_Assignment_
The expected response is an exact repetition of every record, with images excluded.

_Records to process_
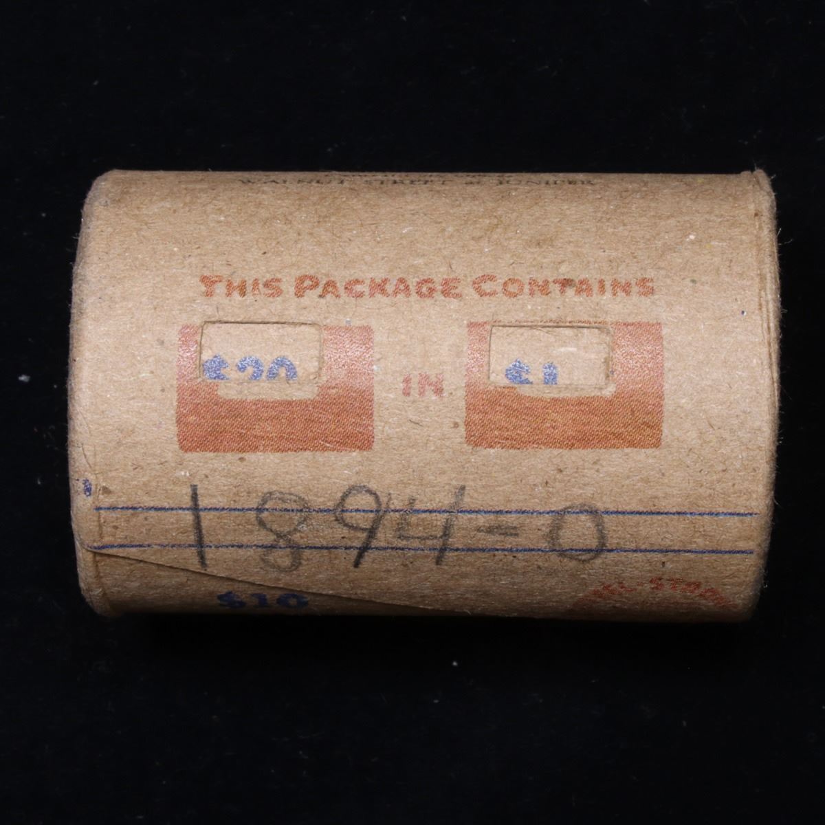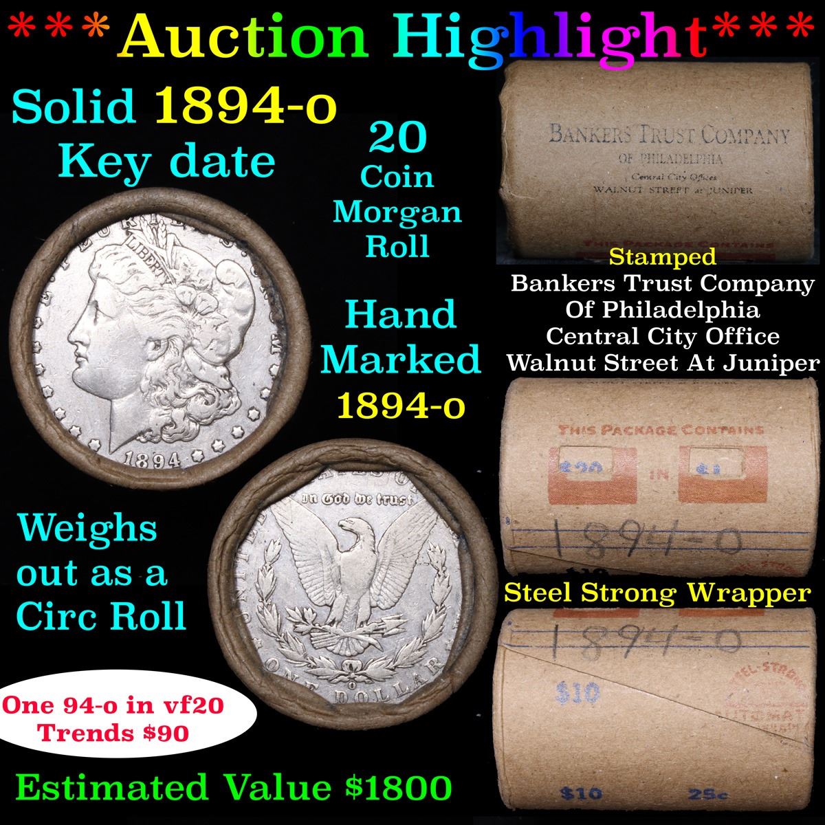 ***Auction Highlight*** Full solid Key date 1894-o Morgan silver dollar roll, 20 coins. This roll is held in an old Steel strong wrapper, patented 1921, stamped "Bankers Trust Company of Philadelphia, Walnut Street at Juniper. This roll contains 20, 1894-o Morgan silver Dollars. The coins may range from circulated to uncirculated. Any condition is possible. We have weighed the roll and can assure you that it is 20 Silver Dollars, that all 20 are 1894-o and that it is not an uncirculated roll as the weight comes in slightly under the 534.60 grams that a fully uncirculated roll would weigh. We recently Acquired a large Estate Hoard of solid date Rolls. Trends lists au50 at $185, xf40 at $135, vf20 at $90, f12 at $60, vg8 at $55, g4 at $45.
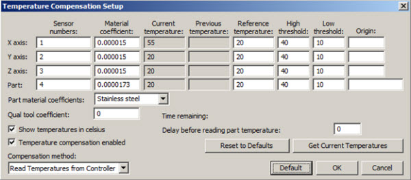 In this mode, the Temperature Compensation Setup dialog box does not appear when you run the measurement routine. The current temperatures are read from the controller variables. These variables are the variable offset sensor numbers that are based on the variable addresses. The axes and part temperature compensation information includes the sensor numbers. You should correctly define the information during the programming process.
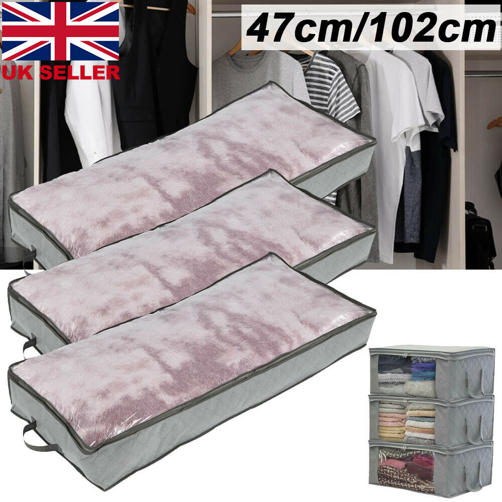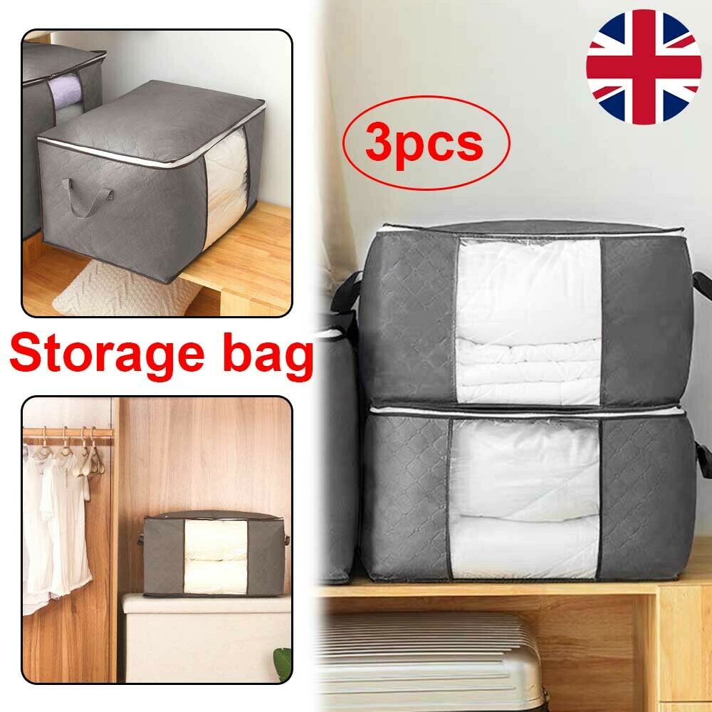 3Pcs Clothes Storage Bag Zipped Organizer Underbed Wardrobe Cube Closet Boxes UK
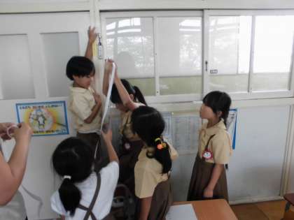 友達と協力して、机のたてと横、黒板の横の長さ、とびらの高さなどを紙テープに写し取りました。その後、長さ比べをしました。
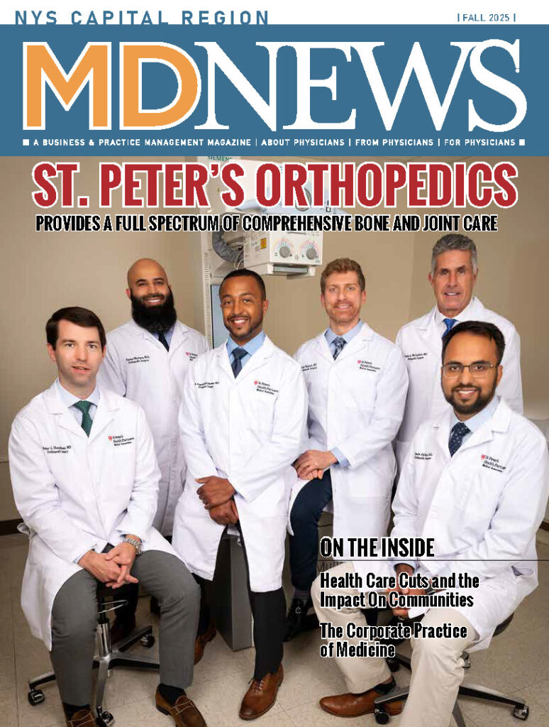 MD News publishes bi-monthly with a target audience of all licensed physicians and leading healthcare executives in NYS Capital Region. It is the premier local market, business-to-business, custom publication for physicians and leading healthcare decision-makers. MD News provides strategically focused, locally relevant, and deeply engaging content to its target audience. MD News provides its readers with insight regarding best practices, procedures, and up-to-date news as it relates to the NYS Capital Region healthcare community.
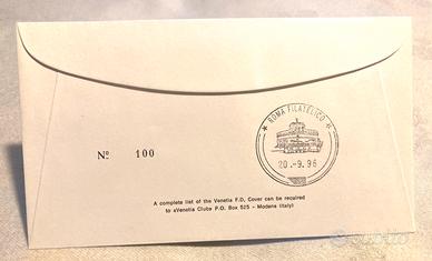 Juventus Campione d'Europa 1995/96 - Busta FDC Numerata 1996 - Venetia Club (Modena) Come nuova Soggetto Juventus Vincitrice Champions League 1995/1996 Tipo di oggettoBusta Primo Giorno (F.D.C. - First Day Cover) Editore/Circolo Venetia Club (Modena) Serie Venetia 891/lt Data di Emissione 14 Settembre 1996 Francobollo Italia, valore facciale 750 Lire (Tifosi in festa e logo Juventus) Annulli Fronte Speciali circolari: "Torino Centro Corr.ze - 14.9.1996" Annullo Retro Filatelico di transito: "Roma Filatelico - 20.9.1996" (Castel Sant'Angelo) Numerazione Esemplare Nº 100 (Edizione a tiratura limitata) Dimensioni Formato standard busta da lettera (circa 16,5 × 9,5 cm)
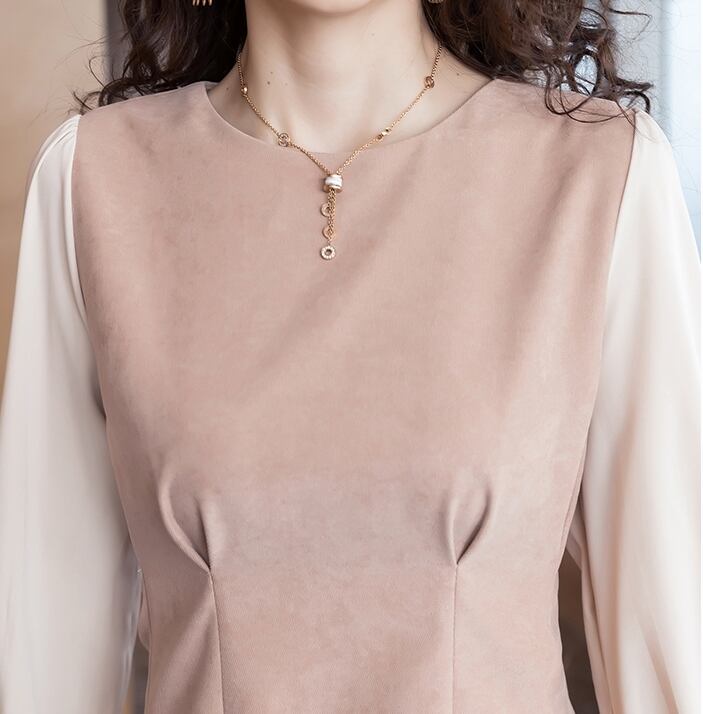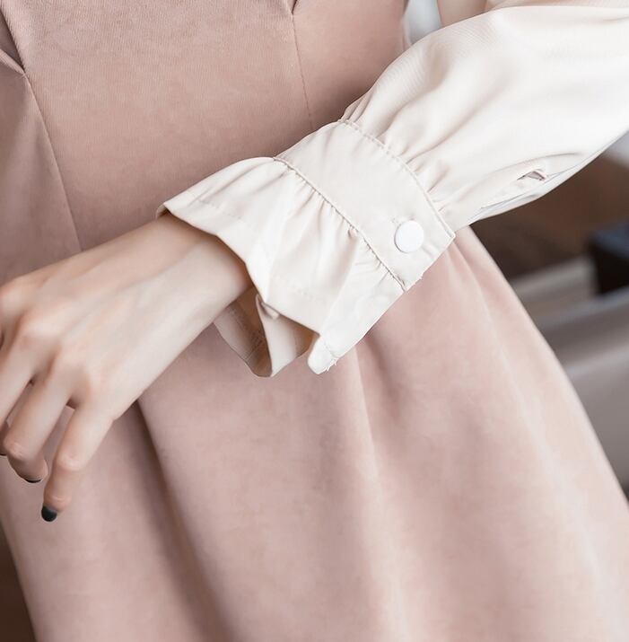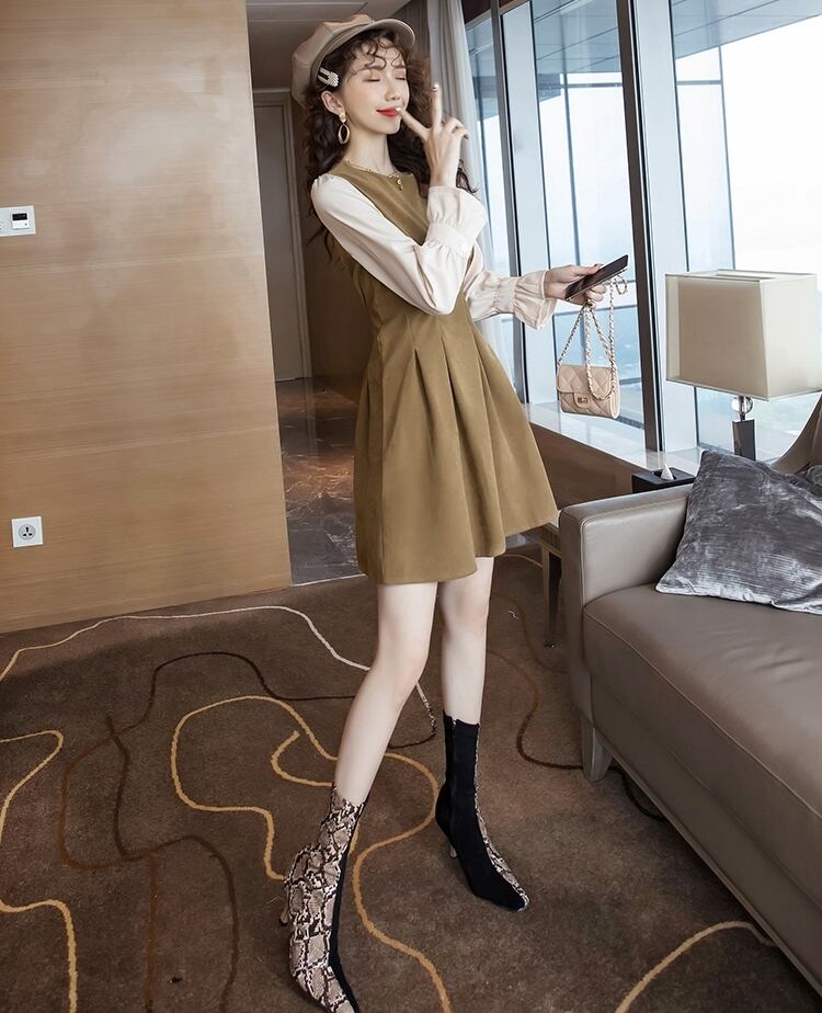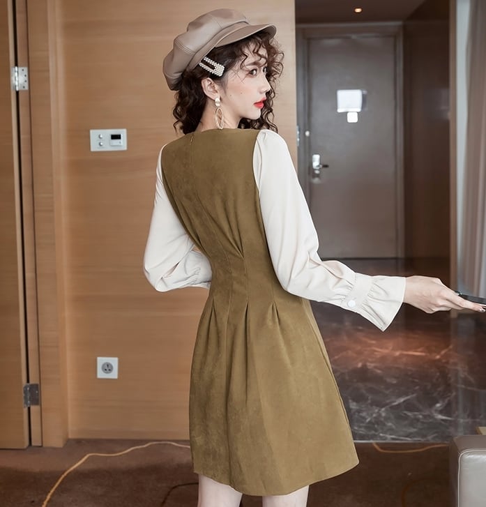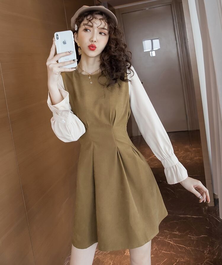 全2色 ワンピース ショート丈 レイヤード風 ラウンドネック 無地 タック フレア ドレープ ウエストマーク フレアスリーブ ガーリー 大人可愛い きれいめ カジュアル デート 上品 秋 冬 春

_Answer area_
 ***Auction Highlight*** Full solid Key date 1894-o Morgan silver dollar roll, 20 coins. This roll is held in an old Steel strong wrapper, patented 1921, stamped "Bankers Trust Company of Philadelphia, Walnut Street at Juniper. This roll contains 20, 1894-o Morgan silver Dollars. The coins may range from circulated to uncirculated. Any condition is possible. We have weighed the roll and can assure you that it is 20 Silver Dollars, that all 20 are 1894-o and that it is not an uncirculated roll as the weight comes in slightly under the 534.60 grams that a fully uncirculated roll would weigh. We recently Acquired a large Estate Hoard of solid date Rolls. Trends lists au50 at $185, xf40 at $135, vf20 at $90, f12 at $60, vg8 at $55, g4 at $45.
 In this mode, the Temperature Compensation Setup dialog box does not appear when you run the measurement routine. The current temperatures are read from the controller variables. These variables are the variable offset sensor numbers that are based on the variable addresses. The axes and part temperature compensation information includes the sensor numbers. You should correctly define the information during the programming process.
 3Pcs Clothes Storage Bag Zipped Organizer Underbed Wardrobe Cube Closet Boxes UK
 友達と協力して、机のたてと横、黒板の横の長さ、とびらの高さなどを紙テープに写し取りました。その後、長さ比べをしました。
 MD News publishes bi-monthly with a target audience of all licensed physicians and leading healthcare executives in NYS Capital Region. It is the premier local market, business-to-business, custom publication for physicians and leading healthcare decision-makers. MD News provides strategically focused, locally relevant, and deeply engaging content to its target audience. MD News provides its readers with insight regarding best practices, procedures, and up-to-date news as it relates to the NYS Capital Region healthcare community.
 Juventus Campione d'Europa 1995/96 - Busta FDC Numerata 1996 - Venetia Club (Modena) Come nuova Soggetto Juventus Vincitrice Champions League 1995/1996 Tipo di oggettoBusta Primo Giorno (F.D.C. - First Day Cover) Editore/Circolo Venetia Club (Modena) Serie Venetia 891/lt Data di Emissione 14 Settembre 1996 Francobollo Italia, valore facciale 750 Lire (Tifosi in festa e logo Juventus) Annulli Fronte Speciali circolari: "Torino Centro Corr.ze - 14.9.1996" Annullo Retro Filatelico di transito: "Roma Filatelico - 20.9.1996" (Castel Sant'Angelo) Numerazione Esemplare Nº 100 (Edizione a tiratura limitata) Dimensioni Formato standard busta da lettera (circa 16,5 × 9,5 cm)
 全2色 ワンピース ショート丈 レイヤード風 ラウンドネック 無地 タック フレア ドレープ ウエストマーク フレアスリーブ ガーリー 大人可愛い きれいめ カジュアル デート 上品 秋 冬 春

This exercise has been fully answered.